В углу сцены молчаливо стоит сгорбленный, худой как скелет, каменщик.
— Хотите хлеба?
Бледные губы беззвучно шевелятся. Наконец, тихо, с явным усилием, он говорит:
— Мы уже третий день без хлеба.
— Дети есть?
— Шестеро.
— Сюда, сюда! Бросьте-ка сюда еще парочку!
И опять хлебы золотыми полукружиями падают далеко в зал.
— Ну и прицел у него!
— А еще бы! Мало он кирпич подавал! Только от этого у него «синички» на руках не сделаются.
— Как знать, кабы он восемь часов подряд швырял, может и сделались бы.
Но груда хлеба тает на глазах. Нечего опасаться, что от этого могут сделаться на руках «синички» — глубокие, болезненные трещины на мякоти пальцев, особенно быстро появляющиеся в ненастье, когда шершавый кирпич скользит в руках.
— А ты, такой-сякой, куда прешь? Никогда не работал, только и знал, что на тротуарах с девками толкаться, а за хлебом первый лезет!
Белокурый парень торопится нырнуть в толпу.
— Ишь его! На рабочий хлеб польстился!
Высокий, плечистый рабочий отрезает от полученной буханки тонкий ломтик. Медленно ест, тщательно пережевывая. Кончил. Озабоченно осматривает начатый хлеб. Отрезает еще раз — кусочек душистой корочки. Затем решительным жестом закрывает перочинный нож, берет буханку подмышку, прикрывает ее полой рваной, заплатанной куртки.
Зал постепенно пустеет. Рабочие выходят, держа в руках буханки. Некоторые прячут их за пазуху.
— Не так, не так! Держите на виду при выходе! — кричит кто-то из толпы. — Пусть эта сволочь видит, что у нас еще есть, что жрать, что в два счета взять нас голодом не удастся!
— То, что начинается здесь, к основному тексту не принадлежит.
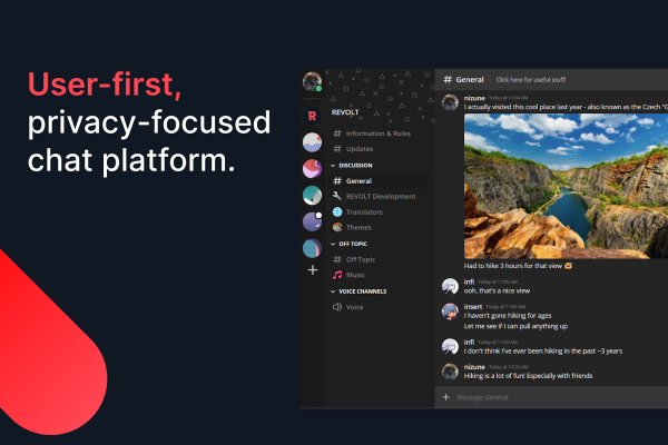 Revolt делает упор на безопасность и конфиденциальность. Пользователи могут быть уверены в том, что их данные и файлы не попадут в руки третьим лицам. При этом, сервис остается абсолютно бесплатным – без рекламы, подписок и различных апгрейдов статуса аккаунта.

— Ну, вот еще, голодом! Лето ведь, морковь растет на огородах.
— Салат!
— Пескари в Висле… Э, брат?
Смеются. Зал уже почти пуст.
— Ну, а теперь говорите, кто голоден? Одна буханка осталась.
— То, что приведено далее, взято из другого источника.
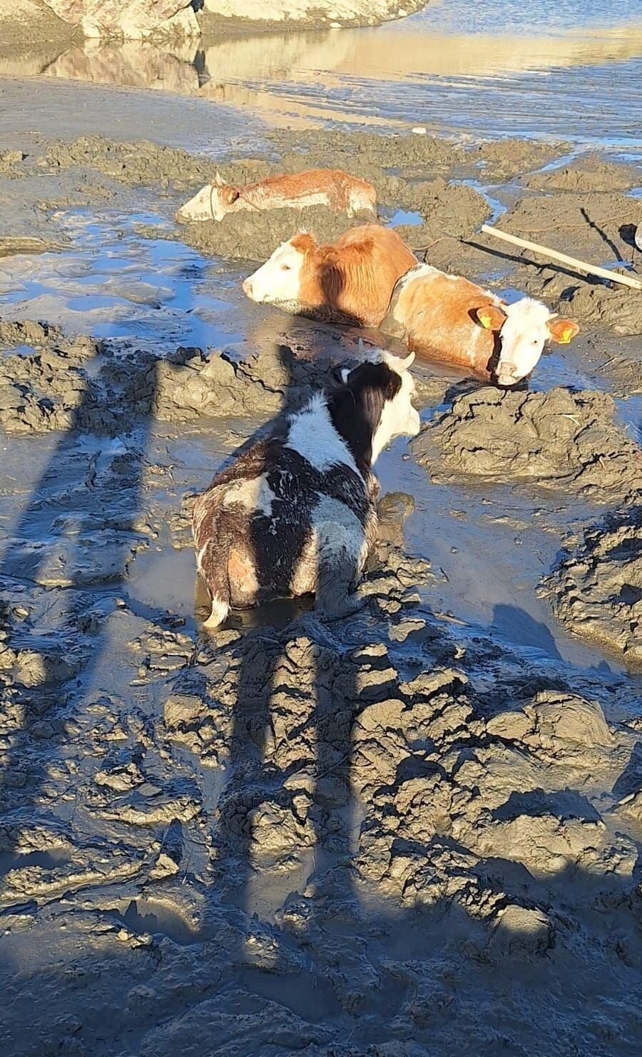 Bataklığa saplanan 6 inek kurtarıldı

Спустя мгновение хлеб разрезан на тонкие ломтики. Их разбирают, медленно жуют.
— То-то будет дома радость, — говорит один. — Остатки черного, солдатского, ребятенки вчера съели.
Анатоль отирает пот со лба. Он смертельно устал с этим хлебом, с этим золотисто-коричневым, душистым хлебом, который золотой аркой летел в темную от нищеты и голода толпу.
А между тем работа еще не кончена. Народ придет и в послеобеденное время. Два раза в день выступает Анатоль. Два раза в день бросает он в темный зал багряное зарево слов. Два раза в день бросает в темный зал свое жаркое сердце.
А в промежутках — по постройкам. Где-то на краю города штрейкбрехер. Украдкой работает под прикрытием забора. Но его обнаруживают. Он является на собрание. Оправдывается. Да так тут и остается. Расследования, попреки — это все потом. Сейчас не время.
Пустые, онемевшие, стоят скелеты лесов. Слоем серой пыли покрывается раствор в глубоких ямах. Застывает известь в брошенных второпях ящиках. Жарятся на солнце, мокнут на дожде высокие горы кирпича.
Так и рвутся к работе утомленные долгим зимним отдыхом руки. Глаза так и тянет к высотам замерших в неподвижности этажей. Тишина в возвышающихся над широкими улицами огромных зданиях. Молчание в конурках по переулкам, где люди по двое, по трое посвистывали, штукатуря стены.